Abstract

Multiparty elections can reduce the likelihood of conflict and help dictators secure their rule, but when does a dictator create electoral institutions? Existing research finds that one of the major reasons regimes introduce multiparty elections is to gain information about opposition demands. This article builds on that argument to explain that a regime’s finances determine whether or not it is able to benefit from creating electoral institutions. Dictators use the revenue of the regime to invest in different means of deterring opposition rebellion. A regime’s first priority is to build repressive capacity, after which it invests in public spending to buy the support of its winning coalition. Regimes only benefit from multiparty elections when they have sufficient revenue to fund repressive capacity but lack the finances to also buy regime security through massive public spending. Low-revenue regimes cannot benefit from elections and high-revenue regimes do not need elections to help secure their rule.
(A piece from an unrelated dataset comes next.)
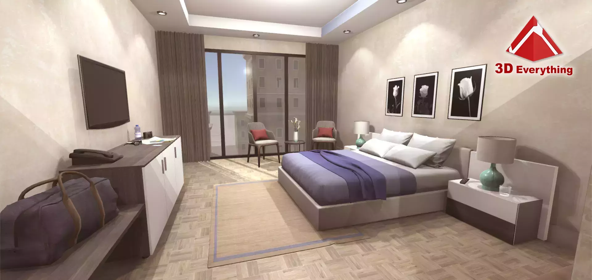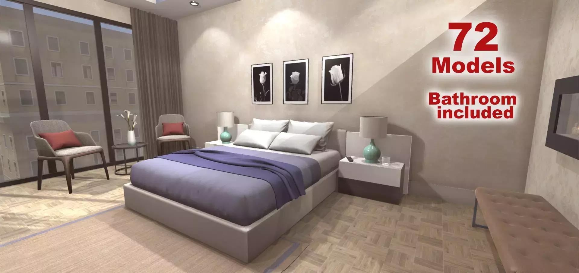 Гостиничный номер 2 - это реалистичная сцена с 72 моделями, готовыми для 3D-проектов и игр.
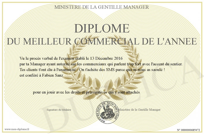 Envoyez par email votre Diplôme du meilleur commercial de l'année personalisé

I test the implications of the argument for regime spending and the creation of multiparty electoral institutions using a global sample of dictatorships between 1972 and 2014. The results of the hypothesis tests indicate that as revenue increases regimes decrease their shares of spending on repressive capacity but increase shares of spending on the public. The results also indicate the probability that a regime introduces elections rises as revenue increases from a low level, but the probability declines as revenue increases from a high level. The study builds upon the literature for how regime resources and state capacity influence authoritarian strategies of political survival. The findings for spending patterns are consistent with recent research on late modern regimes, and the results for the emergence of electoral institutions are consistent with research that finds dictators must have sufficient resources to survive holding elections.